Lighting Designer: Kaylin Gess
Venue/Company: Barber Theatre/Davidson College

PRODUCTION PHOTOS

ABOUT THIS SHOW

Three time periods collide in a hotel room in this action-packed dark comedy that follows Ana Woods, a young Korean-American woman, who travels to Seoul in 1975 to retrieve her father’s ashes and ends up going on an emotional journey, discovering her parents’ story and her own beginnings. Guided by a mysterious shape-shifting Jesus, Ana is transported into her father’s journal from 1944, and takes on the role of her mother, Number 4, a Korean comfort woman as she meets Luke Woods at the tail end of WWII in Myanmar.
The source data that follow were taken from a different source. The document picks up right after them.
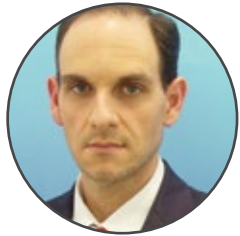
George Boraks Carmino Caricchio Trauma Hospital, Brazil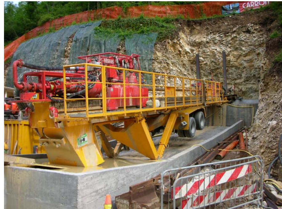
Upwards drilling with 8°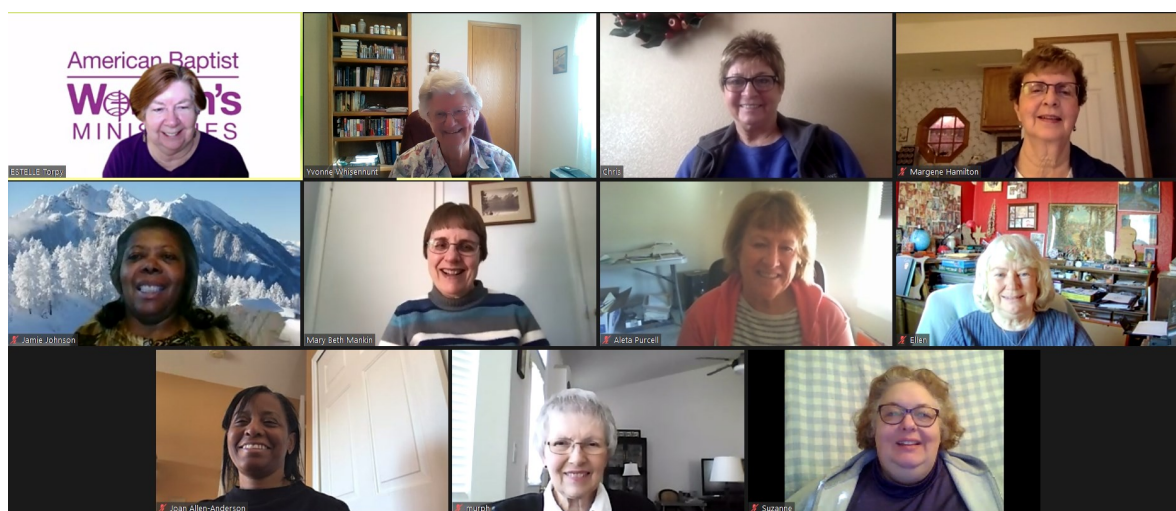
ABWM Board Zoom screenshot.

Time and space bleed and morph as Jesus slowly shepherds this shattered family back together through SPAM, journals, and many distressing experiences.

 

This play speaks poignantly about family ties and inherited trauma. Ana did not grow up knowing her parents. She knew her father in the most cursory way, knowing nothing of her mother at all. This play shows her discovery of her parents’ past, and in doing so, it shows a cycle of intergenerational trauma. This cycle is one we see physically in this play (with Ana taking the place of her mother, Number 4, in many scenes), but it is representational of the emotional distress that she inherited from her parents.

 

As lighting designer for this show, I was tasked with creating an evocative and liminal space where three time periods can exist at once, helping with the challenge of depicting violence onstage by obscuring violent moments without losing the emotional impact of that violence, and largely single-handedly establishing mood and tone throughout this piece without assistance from the actors’ faces (which were doubl-masked with actors sometimes also wearing a molded paper mask).

 

Inspired greatly by the art of Jeremy Miranda, I aimed to create multiple spaces onstage that felt like different worlds, but could easily blend in and out of each other. Using mainly a low saturate color palette of cool blues and warm ambers as the keystone of my design, I knew I could create spaces that were drastically different from each other that would blend well together, especially if each space could be utilized in isolation. In moments of violence, I sought to minimize visibility by utilizing flickering and strobing in my cuing, and I leaned heavily on saturate color during moments of emotional intensity that are otherwise not present in the plot.

 

Due to Covid-19, this show was being presented for free for a highly limited in-person audience (about 8 people) in the Barber Theater February 26, 27, 28, and 29. In addition to the in-person audience, the show was be streamed online for free as well. With the incredibly limited in-space audience, the majority of the theater was able to be used for play space in a narrow alley configuration.